• Requirement: Return exactly the lines of the records below, starting at the line that contains "在中国国际进口博览会门户网站" and ending at the line that contains "Elastic Sports Headband", with both of those lines kept.

• Records to process:

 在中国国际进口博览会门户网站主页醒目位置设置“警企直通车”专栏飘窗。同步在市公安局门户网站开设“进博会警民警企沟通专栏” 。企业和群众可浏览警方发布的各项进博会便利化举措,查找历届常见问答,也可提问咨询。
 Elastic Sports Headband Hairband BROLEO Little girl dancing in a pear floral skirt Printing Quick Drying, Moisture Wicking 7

--

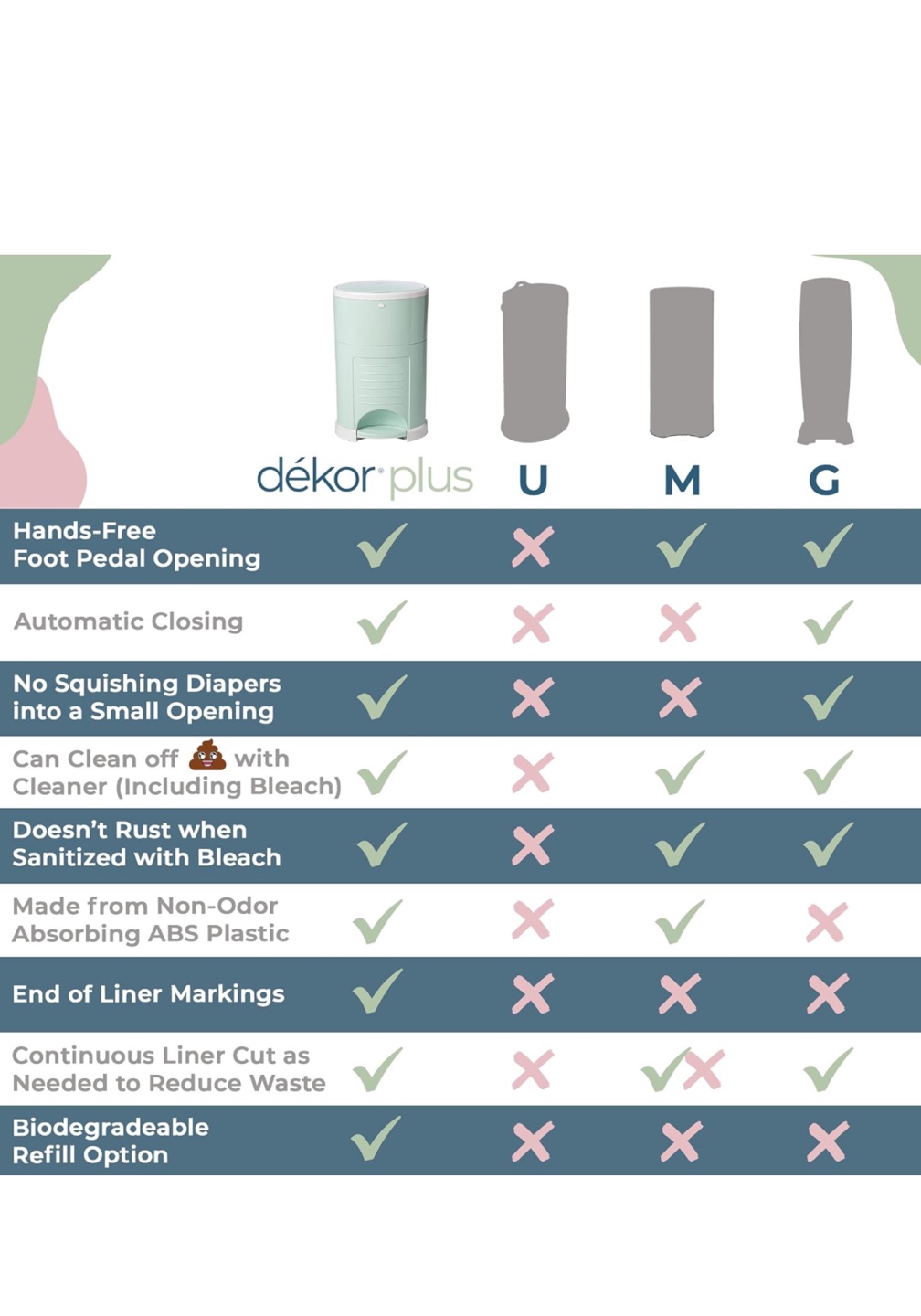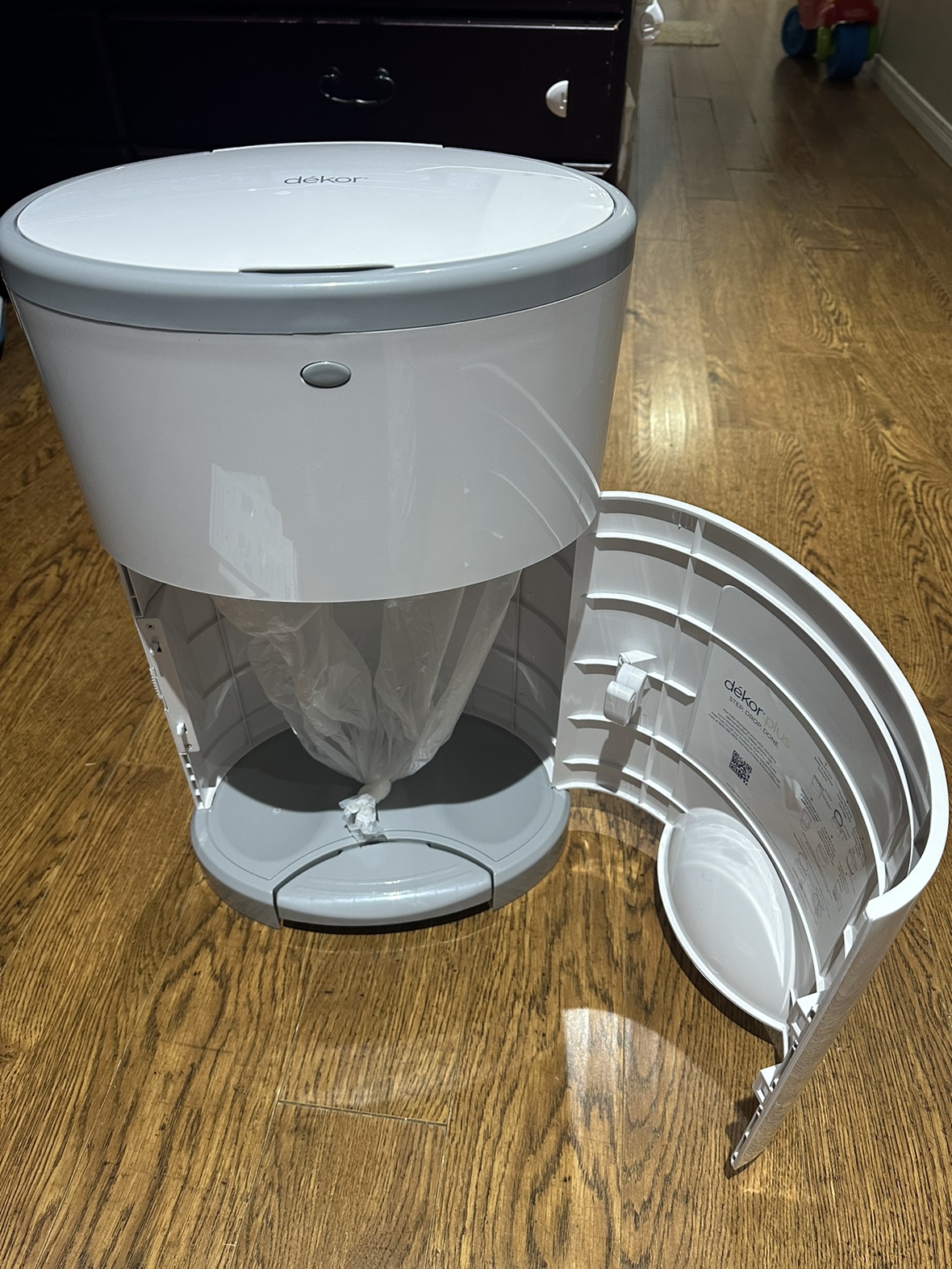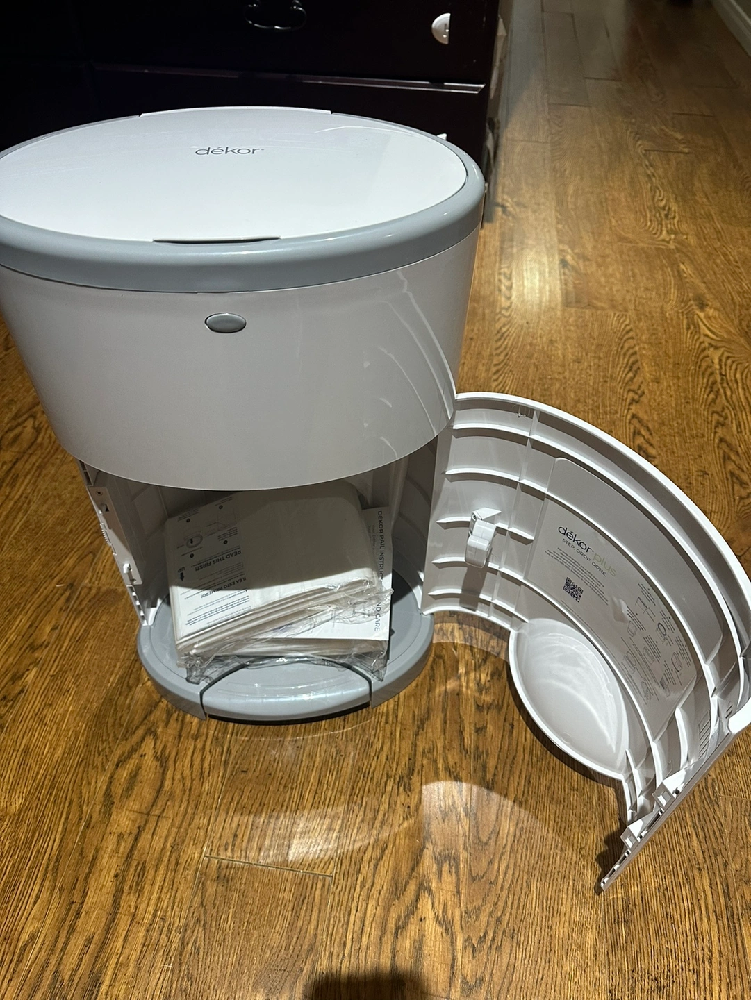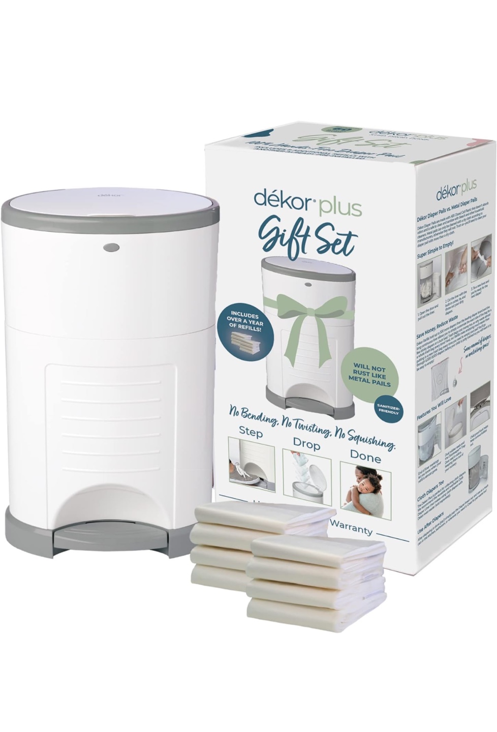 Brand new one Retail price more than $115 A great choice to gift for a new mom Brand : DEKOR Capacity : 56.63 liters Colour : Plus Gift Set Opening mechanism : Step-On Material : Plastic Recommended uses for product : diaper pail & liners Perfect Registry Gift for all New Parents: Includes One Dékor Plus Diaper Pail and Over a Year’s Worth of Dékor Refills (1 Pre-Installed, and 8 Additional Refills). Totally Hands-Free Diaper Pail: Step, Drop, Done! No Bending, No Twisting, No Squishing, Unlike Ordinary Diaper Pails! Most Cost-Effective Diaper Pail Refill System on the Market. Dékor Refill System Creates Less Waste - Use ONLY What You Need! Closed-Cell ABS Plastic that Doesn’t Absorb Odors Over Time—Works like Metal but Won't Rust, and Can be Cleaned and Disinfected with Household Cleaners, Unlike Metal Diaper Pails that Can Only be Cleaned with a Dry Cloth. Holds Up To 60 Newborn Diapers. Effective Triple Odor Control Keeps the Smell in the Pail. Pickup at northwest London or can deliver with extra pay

• Answer to the problem:
 在中国国际进口博览会门户网站主页醒目位置设置“警企直通车”专栏飘窗。同步在市公安局门户网站开设“进博会警民警企沟通专栏” 。企业和群众可浏览警方发布的各项进博会便利化举措,查找历届常见问答,也可提问咨询。
 Elastic Sports Headband Hairband BROLEO Little girl dancing in a pear floral skirt Printing Quick Drying, Moisture Wicking 7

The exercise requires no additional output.